March 24, 2020 feature
Solitonics in molecular wires could benefit electronics
Soliton descriptions for the conducting polymers polyacetylene—descriptions based around a type of solitary wave—caused great excitement when they first broke in the seminal reports by Su, Schrieffer, Heeger (SSH) and Kivelson over 30 years ago. As some of the simplest topological insulators, these molecules are now attracting revived interest. However, problems synthesizing single polyacetylene molecules had limited these soliton studies to extrapolations of soliton characteristics from averages over large numbers of soliton-bearing molecules, which is quite indirect. Reports of synthesis and characterization of single polyacetylene molecular wires in 2019 changed this. Now, calculations by researchers in Germany and the U.S. have identified how the solitons in these single molecular strands behave, pointing to a level of soliton control—"solitonics"—that could be useful to electronic devices and sensors.
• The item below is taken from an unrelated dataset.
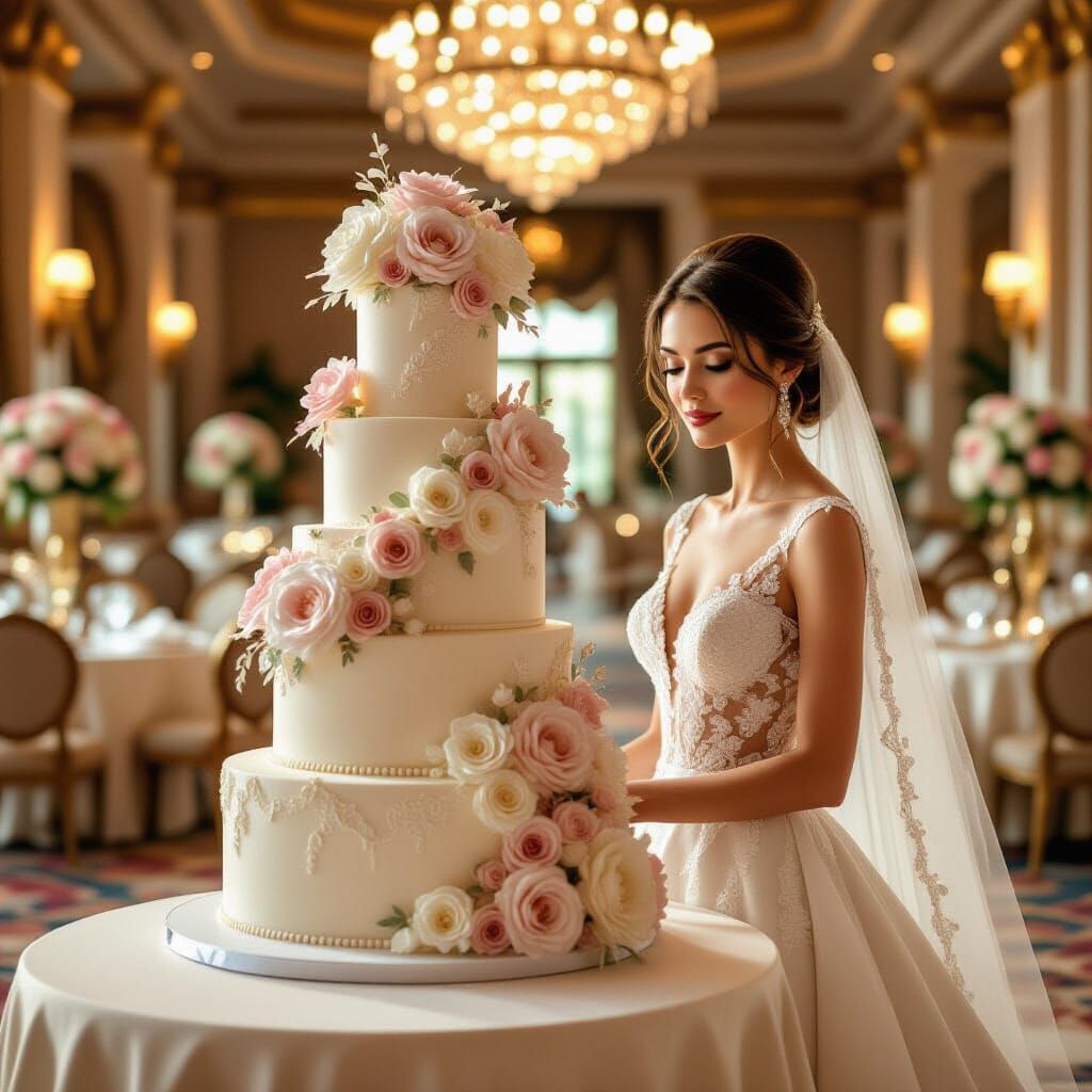 This image shows a bride standing next to a large wedding cake in a ballroom. The cake is decorated with sugar flowers and lace, in a style reminiscent of digital artwork with vivid colors.

Solitons occur where nonlinear and dispersive effects cancel so that a solitary wave packet becomes self-reinforcing. They have a number of particle characteristics in the way they maintain a constant shape and emerge from collisions unchanged. In optical wave guides, the nonlinear contribution is proportional to intensity, producing wave self-focusing so that the wave passes through space and time unchanged. However, the self-preserving soliton feature can also be associated with a change in bond order such as a kink or domain wall. Solitons emerge in descriptions of polyacetylene molecular wires on account of the different domains these wires can have.
Polyacetylene molecules alternate between single and double bonds along the chain, and the order of these bond types defines different domains. The soliton is a way of describing the domain wall between sections of the chain that have different ordering. The domain wall can move but its shape remains the same. It is also very light—around six times an electron mass—yet it may distort the lattice and move heavier nuclei as it ripples through.
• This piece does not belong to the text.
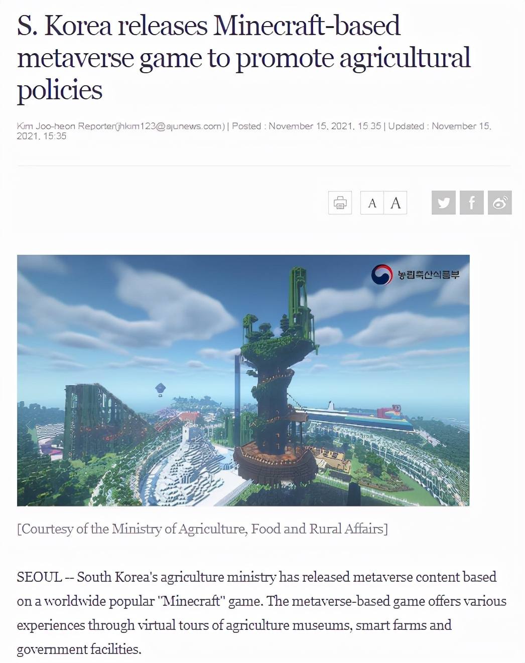 值得关注的是,这个游戏正是基于Minecraft进行的二次开发,而韩国农业部发言人Kim Ki-hoon表示: “我们将加快利用元宇宙平台,向千禧世代和 z 世代宣传农业价值”,也会支持用户在虚拟世界中创建自己的农业空间。

The researchers led by Daniel Hernangómez-Pérez and Ferdinand Evers at the University of Regensburg in Germany, in collaboration with researchers at Columbia University in the U.S., applied density functional theory calculations to polyacetylene to see how these solitons behave in single wires. "One of our primary motivations is understanding what type of topological properties can be observed at the single-molecule level in realistic scenarios," explains Hernangómez-Pérez.
Electronics meets solitonics
They found that it was possible to control the position of the soliton through the chemical entities at either end of the molecular chain. The soliton can be charged with no spin or charge free but with a spin of one-half. For charged solitons, the researchers show that applying an electric field can further manipulate the position of the soliton on the molecular chain, which can be observed through polarization measurements or changes in conductance. The conductance changes exponentially when the soliton moves towards the edge, which as Hernangómez-Pérez suggests provides a sensitivity that could be useful for detecting electrical fields.
A perhaps unexpected result occurs when the soliton has reached one end of the chain and the field is ramped up further. Instead of some sort of dielectric breakdown, an additional soliton-antisoliton pair forms, releasing electrostatic energy.
Further solitonic potential
Although researchers have already shown that it is possible to synthesize single polyacetylene molecular wires long enough to harbor solitons, other challenges remain. They will need to establish a way of ensuring the wire retains the excess charge for a charged soliton, as well as how to chemically attach the right chemical end groups and subject the soliton to in-plane electric fields. However, Hernangómez-Pérez does not see any of these issues as insurmountable. For instance, the in-plane field could be provided by metallic adatoms deposited with a scanning near-field microscope.
As for his own line of future research, Hernangómez-Pérez lists a number of outstanding theoretical issues to tackle: "There are several possibilities: (i) understanding the role of the substrate and possible lattice mismatch between the substrate and polyacetylene chain; (ii) investigate using theoretical tools such as density-functional theory inter-chain coupling or how creation of solitons on one chain might affect neighboring chains; (iii) investigate theoretically domain-wall formation in similar carbon-based molecules."
So far, the researchers' calculations do not extend to the behavior of a zero-charge polyacetylene soliton that carries spin, but they expect that it should be possible to manipulate this with a magnetic field gradient. "In principle, one could think of spin currents along the wire in the same way as electrical currents," suggests Hernangómez-Pérez. "But it is very premature to talk about any impact of this for spintronics."